**EXERCISE:** The task calls for an exact retyping of the lines from the one holding "恰好最近看到一则关于姐弟两个" through the end of the listing, with pictures omitted and nothing added.

**GIVEN DATA:**
----

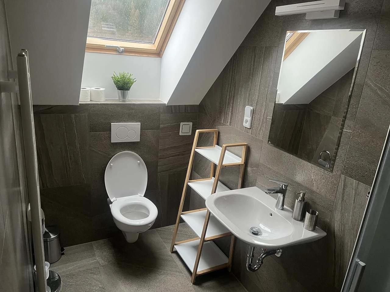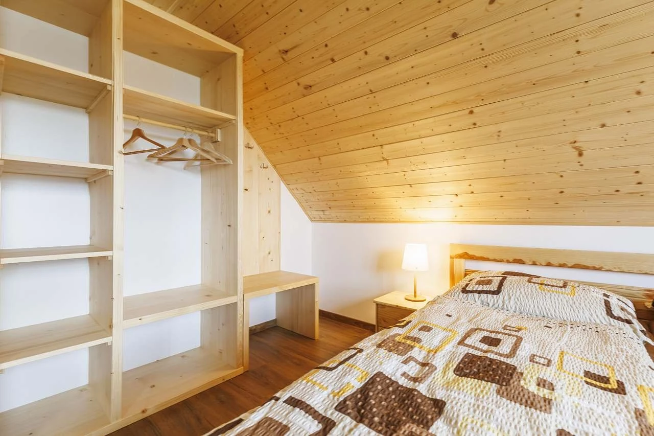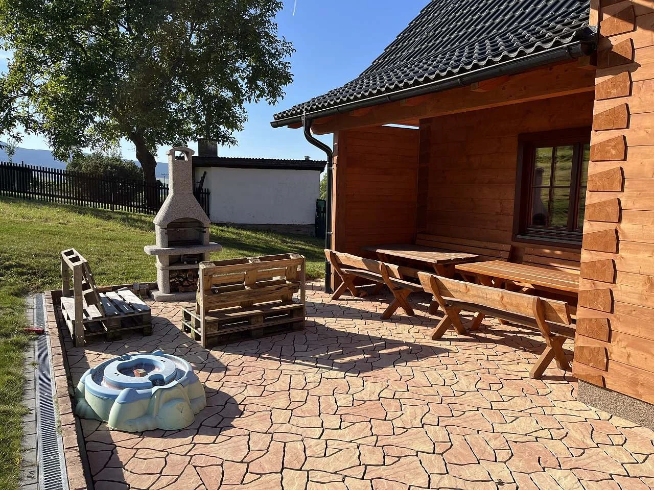 Vnitřní vybavení: krb/krbová kamna, vnitřní terasa/zimní zahrada, televize, rychlovarná konvice, mikrovlnná trouba, lednička, myčka nádobí, sprchový kout.
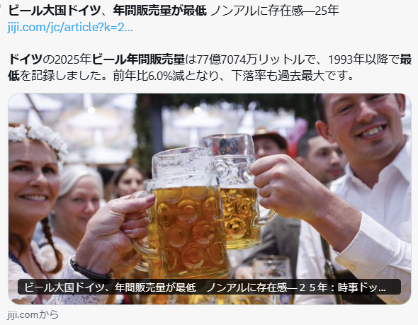 >ドイツ連邦統計局が2日発表した2025年のビールの年間販売量は77億7074万リットルで、1993年の統計開始以来の過去最低を記録した。前年比6.0%減で、下落率も過去最大だった。
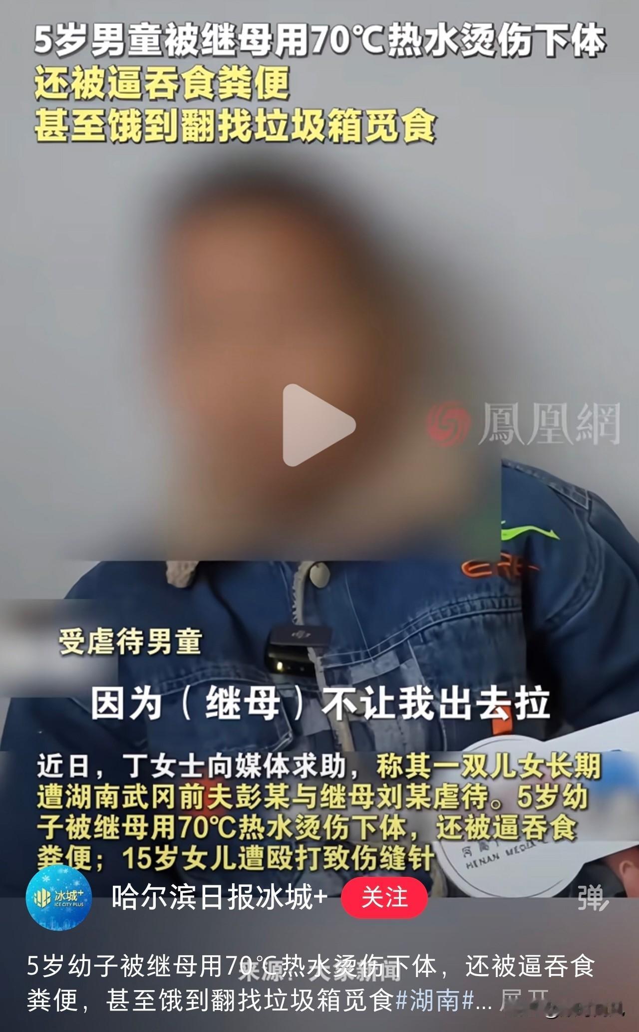 恰好最近看到一则关于姐弟两个被继母虐待的新闻,女孩子是姐姐,年龄大点,懂得察言观色,能蹲着继母一点,但弟弟还小,被继母用70度开水烫下体,浑身外伤超过45%的面积,被逼吞大便,天天垃圾桶翻吃的……不给生母探望,后来好不容易见着了,把两个孩子接身边了。
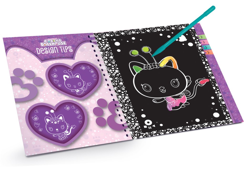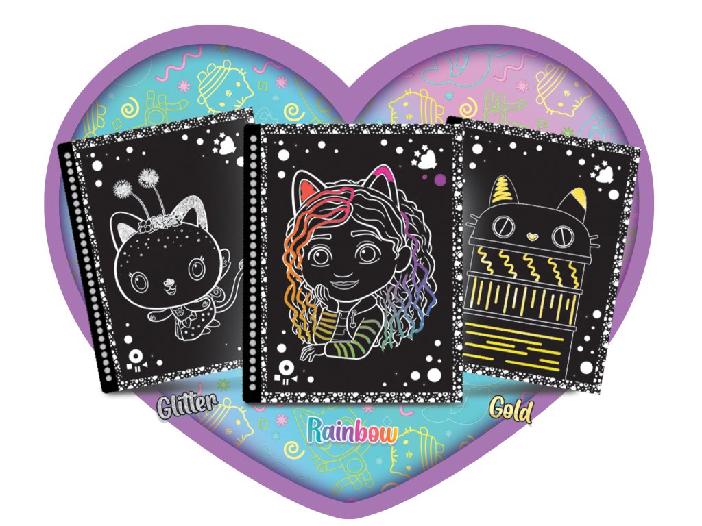 Objevte kouzlo barev s Gabby's scratch odhalením. Bavte se při vybarvování a zdobení všech obrázků seškrábáním černého povrchu a objevováním spousty jiskřivých a barevných efektů.Doplňkové parametry

----

**REPLY TO THE TASK:**
 恰好最近看到一则关于姐弟两个被继母虐待的新闻,女孩子是姐姐,年龄大点,懂得察言观色,能蹲着继母一点,但弟弟还小,被继母用70度开水烫下体,浑身外伤超过45%的面积,被逼吞大便,天天垃圾桶翻吃的……不给生母探望,后来好不容易见着了,把两个孩子接身边了。
 Objevte kouzlo barev s Gabby's scratch odhalením. Bavte se při vybarvování a zdobení všech obrázků seškrábáním černého povrchu a objevováním spousty jiskřivých a barevných efektů.Doplňkové parametry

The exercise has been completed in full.